On March 2, 2010, several subsidiaries of HealthSpring, Inc., namely Texas HealthSpring, LLC, HealthSpring of Florida, Inc., HealthSpring of Alabama, Inc., HealthSpring of Tennessee, Inc., and HealthSpring Life & Health Insurance Company, Inc. (collectively, “HealthSpring”), and InformedRx, Inc., a subsidiary of SXC Health Solutions Corp. (“SXC”), entered into a Client Services Agreement (the “Agreement”) pursuant to which SXC will provide pharmacy benefits management services to HealthSpring’s Medicare Advantage and stand-alone prescription drug plans.
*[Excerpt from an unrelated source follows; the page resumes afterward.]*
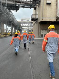 Am Eingangstor begrüßte uns Gilles Huff als Vertreter der AG der Dillinger Hüttenwerke. Herr Huff geleitete uns in einen Präsentationsraum, wo er von Dipl. Ing. Manfred Engel (i. R.) abgelöst wurde, der die Führung nun übernahm und uns zunächst die theoretischen Grundlagen der Stahlproduktion erklärte. Nach der kurzen Präsentation wurden wir mit feuerfesten Schutzjacken, Schutzhelmen mit Sicherheitsbrillen und Kopfhörern ausgestattet. Nun ging es los! Ein Kleinbus stand für uns schon bereit und die Werksbesichtigung begann. Erste Station war der Hochofen, wo die übrigen Kohlereste vom flüssigen Eisen getrennt und zum Weitertransport in riesige Güterwaggons in Torpedoform gefüllt wurden. Anschließend fuhren wir zum hütteneigenen Hafendock. Das Bild war geprägt von riesigen Förderbändern und speziellen Schaufeln, die eigens zum Entladen von Schiffen hergestellt werden. Danach ging es weiter zur Kokerei, wo durch das Entgasen der Kohle ein poriger Koks, der im Wesentlichen Kohlenstoff enthält, weiterverarbeitet wird, und schließlich zum Stahlwerk. Dort wird das flüssige Eisen von allen unerwünschten Bestandteilen gereinigt und in riesige „Barren“ bzw. „Riegel“ gegossen. Diese Riegel werden an der letzten Station unserer Führung verarbeitet: im Walzwerk. Hier werden die fertigen Riegel in einer Art riesigen „Mikrowelle“ wieder erhitzt und auf Transportrollen zu Walzen weitergeleitet. Mit diesen 110 cm hohen Walzen werden die Riegel dann schließlich in die gewünschte Form und Größe gewalzt. Am Ende werden mit riesigen Scheren dann noch die ungleichmäßigen Ränder abgeschnitten. Ein Schüler unseres Kurses, Philipp Vogt, zog begeistert Bilanz von unserem Besuch: „Ich bin überwältigt von dem riesigen Werk und beeindruckt von der anspruchsvollen Arbeit, die die Mitarbeiter hier verrichten.“ Nachdem wir am Ende unserer aufschlussreichen Rundführung die Schutzkleidung abgelegt hatten, bedankten wir uns herzlich bei Manfred Engel für die spannende Werksbesichtigung. Abgerundet wurde die schöne Exkursion mit einem kleinen Imbiss in Lebach.

Such services will include claims processing and reporting, rebate administration, pharmacy network management, mail service pharmacy, specialty pharmacy, provider and member (including call center) support, and certain other clinical programs and services. HealthSpring will pay SXC for its services in accordance with a schedule of fees, including an amount per paid claim that is tiered based on volume and per encounter or fixed fees for other services. The Agreement is for an initial term of three years beginning January 1, 2011, with provisions for two additional one-year extensions, and is otherwise subject to normal and customary terms and conditions. During the term of the Agreement, SXC will be the exclusive provider to HealthSpring for the services set forth in the Agreement.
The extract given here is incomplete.